The four-stage algorithm

stage 0. run PC-stable (Colombo and Maathuis 2014) on observational data to recover the undirected skeleton: which pairs of variables are connected, without direction information. PC-stable recovers the skeleton with probability $1 - \delta$ for:

\[n \geq O\left(\frac{\log(|V|^2 / \delta)}{\alpha^2}\right)\]

where $\alpha$ is the minimum partial correlation magnitude. PC-stable is order-independent (unlike the original PC algorithm) and handles high-dimensional variable sets.

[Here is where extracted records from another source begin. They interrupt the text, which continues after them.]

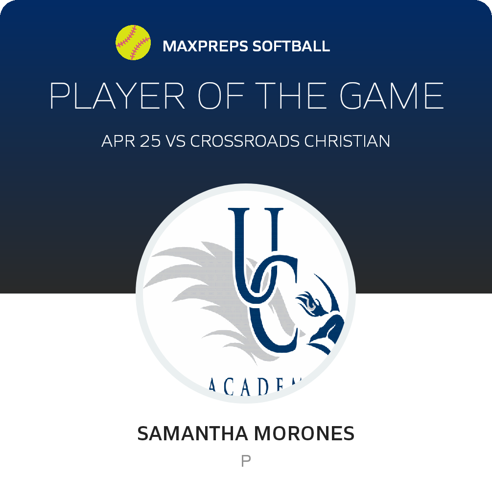 Congratulations to #11 Samantha Morones for being selected the United Christian Academy Softball Player of the Game.
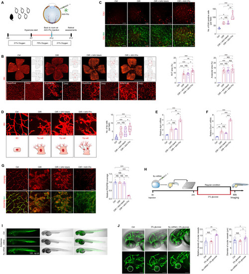 FTO promotes endothelial tip cell formation to facilitate neovascularization in mice and zebrafish. (A) Experimental scheme for (B–G) (B) Fluorescent staining of IB4 in retinal flat mounts originated from control, OIR mice without other treatment, and OIR mice intra-vitreal injected with AAV-blank/AAV-Fto at P17. n = 11 per group. Magnificent images are shown below to better visualize superficial and deep vascular plexuses. Gray dotted lines indicate the edge of the retina. Red lines suggest the avascular area. NVTs are represented by red dots. Representative images along with quantification results of NVT and avascular areas are shown. Scale bar: 2000 µm (up); 50 µm (below). (C) Fluorescent staining of EdU and IB4 in retinal flat mounts of control, OIR mice without other treatment, and OIR mice intra-vitreal injected with AAV-blank/AAV-Fto at P17. n = 4 per group. (D) Fluorescent staining of IB4 in retinal flat mounts of control, OIR mice without other treatment, and OIR mice intra-vitreal injected with AAV-blank/AAV-Fto at P17. n = 12 per group. Tip cells are indicated by yellow asterisks. Representative images along with quantification results of tip cell number per field are shown. Scale bar: 50 µm. (E, F) mRNA expression of tip cell markers Apln (E) and Esm1 (F) detected by qPCR in neural retinas of control, OIR mice without other treatment, and OIR mice intra-vitreal injected with AAV-blank/AAV-Fto at P17. n = 3 per group. (G) Immunofluorescence staining of PDGFRβ and IB4 in retinal flat mounts of control, OIR mice without other treatment, and OIR mice intra-vitreal injected with distinct virus at P17. n = 4 per group. (H) Experimental scheme for (I, J). (I) Truncal vasculatures demonstrated by endogenous EGFP and morphological structures of control and zebrafish injected with antisense or fto mRNA. n = 3 per group. (J) Ocular vasculatures shown by endogenous EGFP and morphological structures of control and zebrafish receiving indicated treatments. Ocular vasculatures are indicated by white circles. Representative images along with quantification results of ocular vessel density (n = 5 per group) and diameters (n = 8–10 per group) are shown. Scale bar: 100 µm. Data information: Data represent different numbers (n) of biological replicates. Data are shown as mean ± SEM. One-way ANOVA followed by Bonferroni’s test is used. NS: not significant (p > 0.05); *p < 0.05; **p < 0.01; and ***p < 0.001. Source data are available online for this figure.
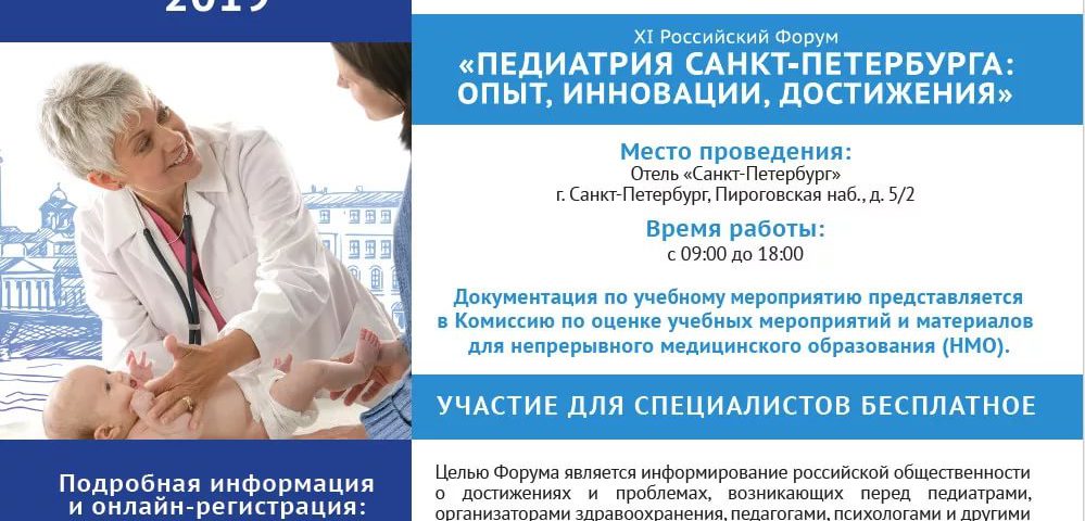 27-28 сентября 2019 в Санкт-Петербурге прошел XI Российский форум «ПЕДИАТРИЯ САНКТ-ПЕТЕРБУРГА: ОПЫТ, ИННОВАЦИИ, ДОСТИЖЕНИЯ». Целью Форума являлось информирование российской общественности о достижениях и проблемах, возникающих перед педиатрами, организаторами здравоохранения, педагогами, психологами и другими специалистами при оказании различных видов медицинской помощи детям и выработке новых подходов к воспитанию здорового подрастающего поколения в современных условиях.
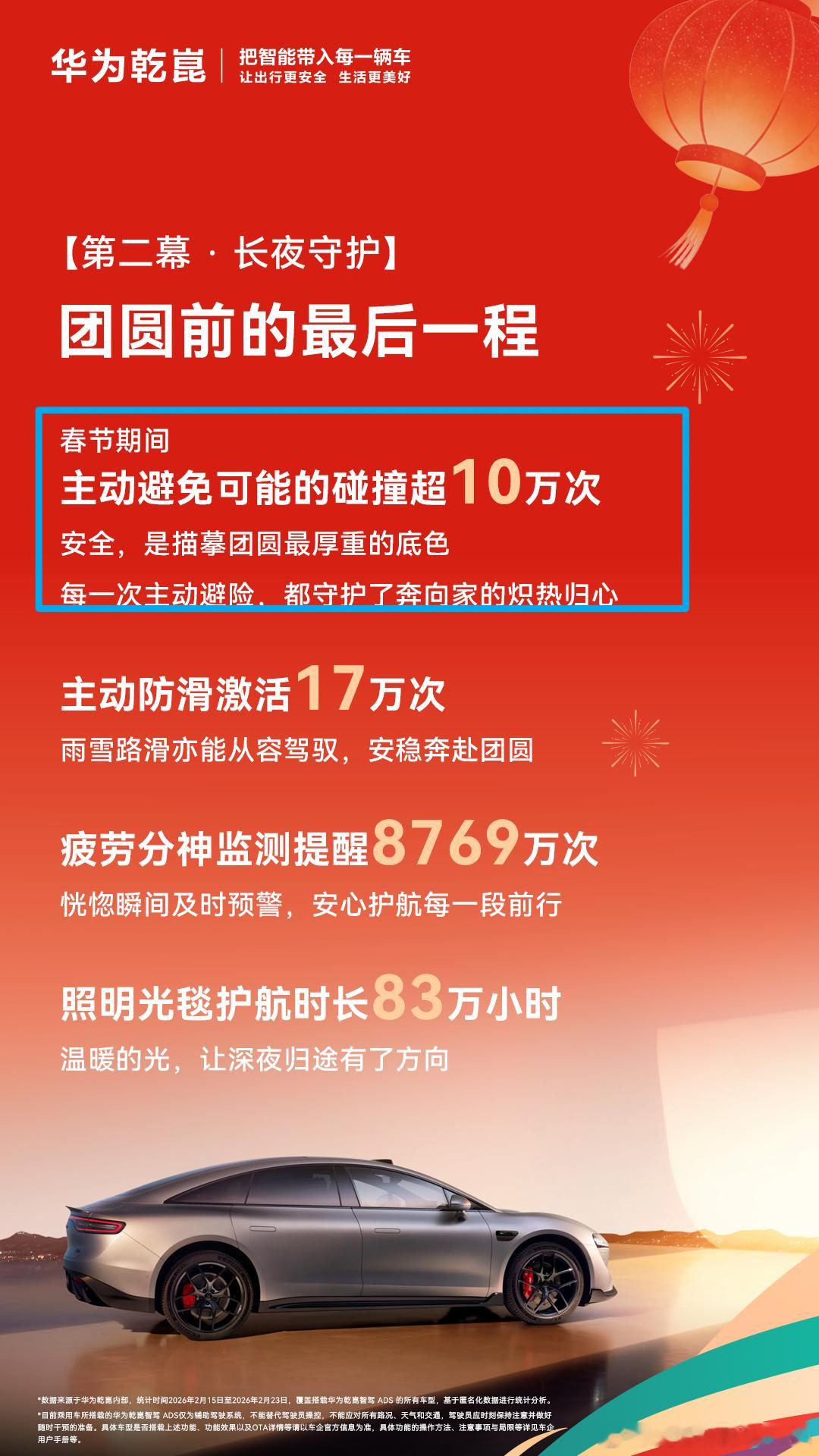这两天短视频平台出现了一些文案,说:“春节路上看到小蓝灯最好躲远点!”潜台词就是觉得辅助驾驶不好用。但实际上是只要用过辅助驾驶的用户基本上就离不开了,确实好用,而且非常有效的大大降低驾驶疲劳。春节期间(2.14-2.23)华为乾崑ADS辅助驾驶活跃用户占比91%。主动避免可能的碰撞超10万次。好的技术值得被每一个人知道。华为乾崑

stage 1. train the causal IB encoder $T_0$ via variational optimization conditioned on the skeleton $G_0^\mathrm{skel}$ from stage 0. use a VAE with diagonal covariance. the generalized EM (GEM) property guarantees monotone decrease of the causal IB objective during training.

stage 2. run XGES with scoring function $\mathrm{Score}(G) = \mathrm{MDL}(G) + \lambda_3 \cdot \mathrm{CCA}(G)$ over $T_0$ and any available interventional data. XGES (Nazaret and Blei 2024) is an extremely greedy equivalence search extending GES (Chickering 2002) with improved computational efficiency while preserving correctness guarantees. scoring each candidate edge requires training two MLPs and measuring their convergence times.

stage 3. optimize policy $\pi_1$ via Bareinboim CRL (2024) over $G_1$ and $T_0$. perform an identifiability check before each policy gradient step: if $P(Y \mid \mathrm{do}(\pi))$ is not identifiable in the current graph, skip the update.

alternating loop. update $T$ by minimizing $I(X;T) - \beta I_c(Y \mid \mathrm{do}(T))$, update $G$ using XGES with MDL + CCA scoring, update $\pi$ via policy gradient subject to identifiability, repeat until $\lvert \Delta\mathcal{L}\mathrm{CCL+} \rvert \leq \varepsilon\mathrm{conv}$.

output. causal graph $G$, compressed representation $T$, causal policy $\pi$, and a sample complexity certificate:

\[n^* = C \cdot \hat{\tau}_\mathrm{mix} \cdot d_c(G) \cdot \frac{\log(d_c(G)/\delta)}{(1-\gamma)^3 \varepsilon^2}\]

Experiment 2: convergence of the CCL loop

convergence theorem says the full CCL+ alternating loop reaches a stationary point. this experiment tests it on a three-variable SCM: $X_1 \to X_2 \to X_3$ and $X_1 \to X_3$, with mechanisms $X_2 = X_1^2 + \varepsilon_1$ and $X_3 = X_2 + 0.5 X_1 + \varepsilon_2$, $N = 1000$ samples, sweeping seven values of $\lambda_2$ from 0.01 to 0.5.

$\lambda_2$	monotone decrease	$\mathcal{L}$ initial	$\mathcal{L}$ final	iterations	spurious edges
0.010	yes	10.000	-1.238	3	1
0.050	yes	10.000	-1.106	3	1
0.080	yes	10.000	-1.007	3	1
0.100	yes	10.000	-0.942	3	1
0.150	yes	10.000	-0.777	3	1
0.200	yes	10.000	-0.612	3	1
0.500	yes	10.000	+0.105	1	0

all seven runs show strictly monotone decrease. the objective goes down at every iteration without exception, confirming the convergence theorem.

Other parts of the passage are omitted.